Niyaz revealed he had just gotten into the world of Mexican hot sauces, and wondered if it was a sin that he liked Cholula so much. I responded that the bigger sin was that he--of Pakistani descent--had only recently started liking the hot stuff, given that Pakistani cuisine has some of the most potent curries on earth, simultaneously unctuous and spicy so that dishes such as beef nihari coat your intestinal tract for hours. Plus? Those amazing Pakis eat raw slices of ginger as nibbles before the feast. They make us Mexicans seem as big of chile wusses as the Germans.

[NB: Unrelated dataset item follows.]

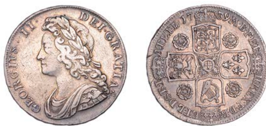
191 Halfcrown, 1739, roses, edge DVODECIMO (ESC 1679; S 3693). Surface marks, nearly very fine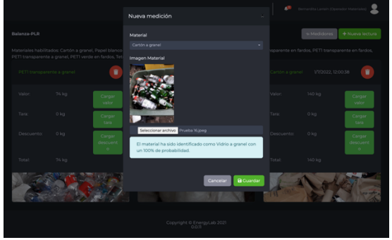
Figure E. Artificial intelligence module for materials type recognition.

I digress. Acceptable Mexican hot sauces? Cholula is definitely one of them. But there are others, and each suit a need.

I actually covered a version of this question years ago, when I put Tapatío and Sriracha to the taste test and found each had its particular charms. Think of Cholula as a less-vinegry type of Tapatío, with a bit more heat, and thus perfect for most any Mexi meal or soup. But I also don't think Cholula is so much better than Tapatío that it justifies its two-bucks-and-change price for a regular bottle, a price higher than the cost of a big bottle of Tapatío.

The original Cholula--that is, the loyal opposition to the Tapatío juggernaut--is Valentina, which is more flavorful than the other two but less spicy. The true wab joints will feature Valentina--actually, the true wab joints will offer their own homemade salsas and dismiss hot sauces as a gabacho conspiracy, but I digress again. I prefer Valentina to go with ceviche, or on bacon-wrapped hot dogs, as its citrus aftertaste blends well with heartiness.

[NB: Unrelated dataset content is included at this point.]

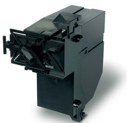
HP Embedded Spectrophotometer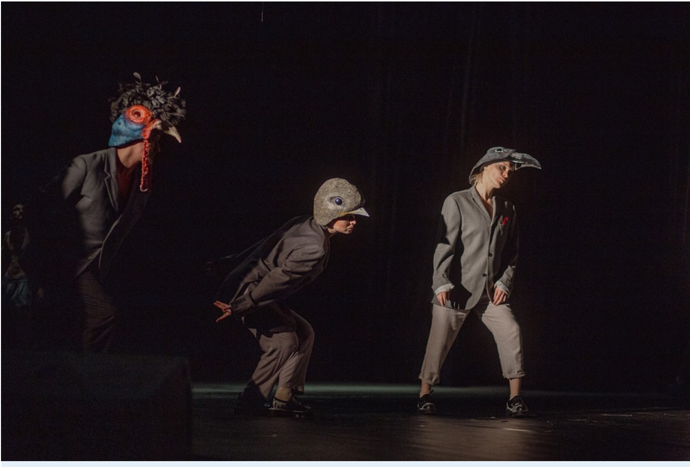
Ecodrama: the art of sustainability

But, Niyaz: I say screw all of the above. They're from Jalisco, and Jalisco deserves the same scorn we Americans heap on Texans. Stay local, and go with Gringo Bandito. Or go for the rey of them all--El Yucateco, derived from habaneros and possessors of scary neon colors probably created with dangerous color dyes, but who cares. This hot sauce reflects the taste of the Yucatán, found locally only at Conde Cakes, and the stuff burns. Its molasses-like texture means it won't work on most meals--honestly, Yucateco on tacos might trick your mind into thinking you're eating a crepe if it wasn't for the fact that your tongue was welcoming a newly created crater. El Yucateco works best on Mexican seafood, specifically on ceviches, so you can appreciate the duality of life: ice-cold and hell-hot.